Der gebürtige Wagenfurther Gerstung scheut keine Mühe, sich für den Postkasten einzusetzen. Er denkt an die älteren Leute im Dorf, die kein Auto, keinen Führerschein haben oder nicht mehr so gut auf den Beinen sind. Für ihn ist Eile geboten. Denn ist der Haltepfosten einmal abgebaut, schätzt er, „geht nichts mehr“.

Die Vorgehensweise der Post kann er nicht nachvollziehen. Schließlich blieb dem Körler Ortsteil Wagenfurth, von der Einwohnerzahl vergleichbar mit Lobenhausen, der Postkasten erhalten. Ebenso in Empfershausen. Dort blieben die beiden gelben Kästen ebenfalls unangetastet. (HNA, 07.05.03, ALE) 


Deutsche Post: „Es gibt keine Lex Lobenhausen“ 

„Wir werden das nochmal prüfen“, erklärte Stefan Heß, zuständiger Pressesprecher der Deutschen Post AG mit Sitz in Frankfurt. „Wenn das so stimmt, wenn das über 1000 Meter sind, dann haben wir einen Fehler gemacht, den wir korrigieren werden“, betont er. 

Am gestrigen Dienstag wurde die Beschwerde anhand des Systems geprüft, eventuell wird ein Ortstermin anberaumt, so Heß. 

Zeigt sich, dass der Abstand zum nächsten Briefkasten mehr als ein Kilometer beträgt, „wird dort zeitnah wieder einer aufgehängt“.

Luftlinie sei der nächste Postkasten keine 1000 Meter entfernt. Eine mögliche Fehlerquelle sei die Überquerung der Fulda. Die muss überquert werden, um von Lobenhausen nach Körle zu kommen. Und die sei ein Stück weiter weg, nennt der Pressesprecher eine mögliche Fehlerquelle.

In zusammenhängenden Wohngebieten alle 1000 Meter ein Postkasten. Das ist die gesetzliche Vorgabe, die der Regulierungsrat für Post- und Telekommunikation in der Postuniversaldienstleistungsverordnung (PUDLV) festgelegt hat, erklärte Stefan Heß, einer der Pressestellenleiter der Deutschen Post AG mit Sitz in Frankfurt.

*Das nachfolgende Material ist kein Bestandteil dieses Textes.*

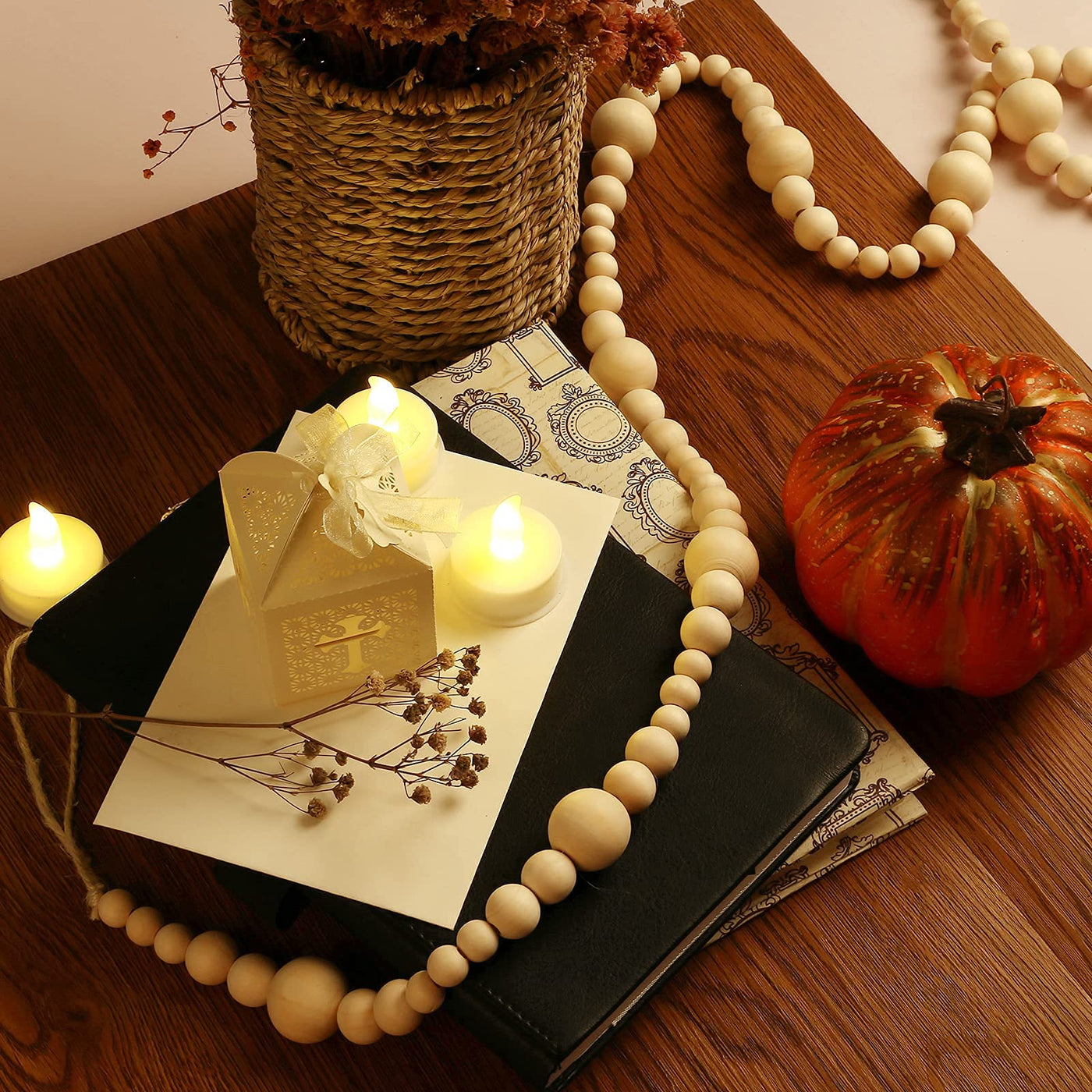 GWHOLE 7.2 Ft Christmas Wooden Bead Garland Boho Natural Prayer Beads for Christmas Tree Mantel Table Modern Farmhouse Home Rust

Ehe die Post in einer konzertierten Aktion von 7. bis 11. April bundesweit Postkästen abbaute, wurde jeder Postkasten ein Jahr lang gecheckt. Die Briefkastenleerer erfassten mittels eines Handscanners jeden Postkasten, Daten wie Verschmutzung, Vandalismus und Füllgrad wurden erfasst. Aus diesen aktuellen Daten wurden Tendenzen herausgelesen. Mittels eines satellitengestützten Geosystems wurden die Radien zwischen den Postkästen ausgemessen. So betrugen die Radien zwischen den Körler Postkästen vorher durchschnittlich 186 Meter, nach dem Abbau einiger Exemplare 231 Meter.

Ob viel oder wenig Briefe durch den Postkasten wandern, „die PUDLV gilt trotzdem“, sagt Heß. 

Es „gibt keine Lex Lobenhausen“, die gesetzliche Vorgabe gelte auch für den Körler Ortsteil. Vielerorts werde die Forderung sogar unterschritten: „Wir bieten Postkästen im Radius von 500 Metern an“, so Heß. (ALE)


Post folgtden Argumentender Lobenhäuser 

LOBENHAUSEN. Über die genaue Zahl, wie viele Postkästen abgebaut wurden, hüllt sich die Deutsche Post AG in Schweigen. Die Zahlen lägen dem Unternehmen natürlich vor, erklärte Post-Pressesprecher Stefan Heß, "die geben wir aber nicht raus". 


Eines aber verriet der Pressesprecher: Vor der Aktion, die von 7. bis 11. April bundesweit lief, waren es über 100 000 Postkästen, "und wir haben auch jetzt deutlich über 100 000". Die Zahl der Kästen, die bundesweit abgebaut wurden, bewege sich bundesweit im fünfstelligen Bereich.

Laut der gesetzlichen Vorschrift, der Postuniversaldienstleistungsverordnung (PUDLV) müssen Postkästen mit einem maximalen Abstand von 1000 Meter zu erreichen sein. "Das ist im Vergleich mit anderen Ländern komfortabel", sagt Heß.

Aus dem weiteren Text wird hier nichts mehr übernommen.